When higher-order chromatin structures such as pericentromeric heterochromatin were first analyzed in the mouse, a specific nuclear architecture exclusive to the first embryonic cleavages was observed [8, 9]. Decondensation of pericentromeric heterochromatin seems to take place rapidly after fertilization, and it has been suggested that this maintains transcriptional silencing until EGA . Thereafter, reorganization of the centromeric and pericentromeric heterochromatin into “chromocenters” occurs concomitantly with the major phase of EGA [8–10]. In fact, interference with the reprogramming of the pericentromeric structures significantly alters development; it has been shown that disruption of chromocenters in mouse fertilized embryos results in developmental arrest [11, 25] and that cloned embryos produced by nuclear transfer often show aberrant nuclear architectures with remnants of somatic-like chromocenters, correlating with poor developmental rates [9, 26, 27].
Most of these results were acquired through the use of immuno-fluorescence and fluorescence in situ hybridization (FISH) to label compartments of interest in embryos. However, one important limitation of these studies is that the analysis of the corresponding fluorescent images is mostly visual and focused on large-scale nuclear movements, which are easier to evaluate. Genome wide approaches, especially chromosome conformation capture (3C), can provide more details to help decipher key nuclear events at the molecular level , but their use in embryos is limited due to the small size/number of the samples.
Fluorescent imaging offers us the advantage of following several structures within each embryo, thanks to high-resolution microscopy and the combination of several color channels. However, most analyses are done either in two dimensions or on z-stack sections/projections, and only rarely in three dimensions (3D) because they would be much more time-consuming. A promising approach to explore the embryonic nucleus in more detail is the use of computational imaging . At present, we are still at the very beginning of this approach, and the tools required to locate compartments of interest, to analyze their movements, and to measure physical distances still need improvement. Using this technique, however, Koehler and collaborators were recently able to describe, for the first time, 3D rearrangements of chromosome territories in preimplantation embryos . We similarly analyzed major 3D nuclear rearrangements of centromeric and pericentromeric heterochromatin in bovine and rabbit embryos with dedicated computational programs [30, 31].

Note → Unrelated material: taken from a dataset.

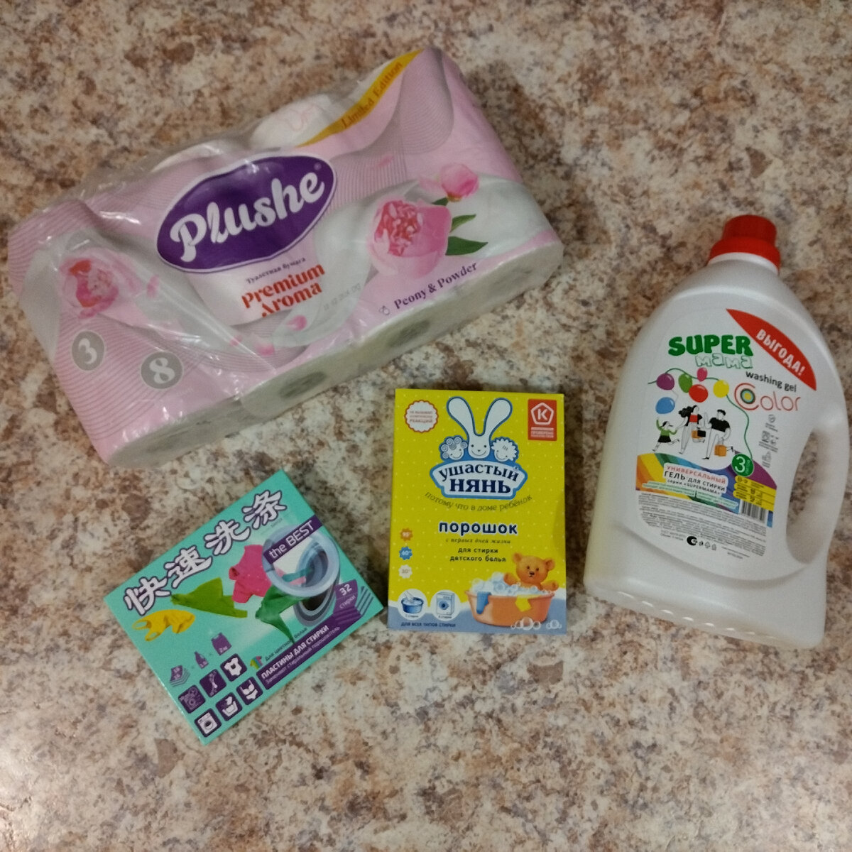 Всем привет! Сегодня делюсь покупками из магазина Fix Price. Есть товары которые я покупаю только в этом магазине, за бытовую химию и расходники я не готова переплачивать. Зачем платить больше если есть замена товарам ничуть не меньшего качества. 1. Туалетная бумага Plushe – качество суппер! 3 слоя 8 рулонов. Цена 149 рублей! Хватает такой упаковки надолго и приятный цветочный аромат чувствуется через упаковку. 2. Стиральный порошок в пластинах (листах) – взяла первый раз. Мне очень понравился такой формат. Расход – 1 лист на 1 стирку. Отстирывает не хуже порошка. Растворяется лист мнгновенно. Пены не много, запах стандартный порошок не задерживается в белье. Одна коробка – 32 стирки. 3. Гель для стирки универсальный Супер Мама – обьем 3 ЛИТРА! Гель отлично отстирывает, густой, малый расход и отличный запах. Стоимость такой находки 245 рублей! Такого объёма хватает больше чем на месяц при интенсивных стирках. Очень удобная крышка колпачок. 4. Гипоаллергенный порошок Ушасты

To obtain a more complete understanding of the nuclear reorganization that takes place during the early developmental stages in mouse, we analyzed, in detail, centromeric and pericentromeric chromatin local reprogramming in preimplantation embryos with preserved 3D-shapes (from the 1-cell to blastocyst stage). We also developed new image analysis tools to quantify various nuclear parameters of the 3D-FISH images, i.e., the nuclear volume, the number of NPBs/nucleoli, the nuclear polarity, the number and shape of pericentromeric heterochromatin structures, and their proximity to NPBs/nucleoli.
Our results highlight differences in nuclear organization in paternal and maternal inherited genomes at the 1-cell stage. We also find that the reprogramming of the embryonic genome, which starts at the 2-cell stage, undergoes several abrupt changes during preimplantation development.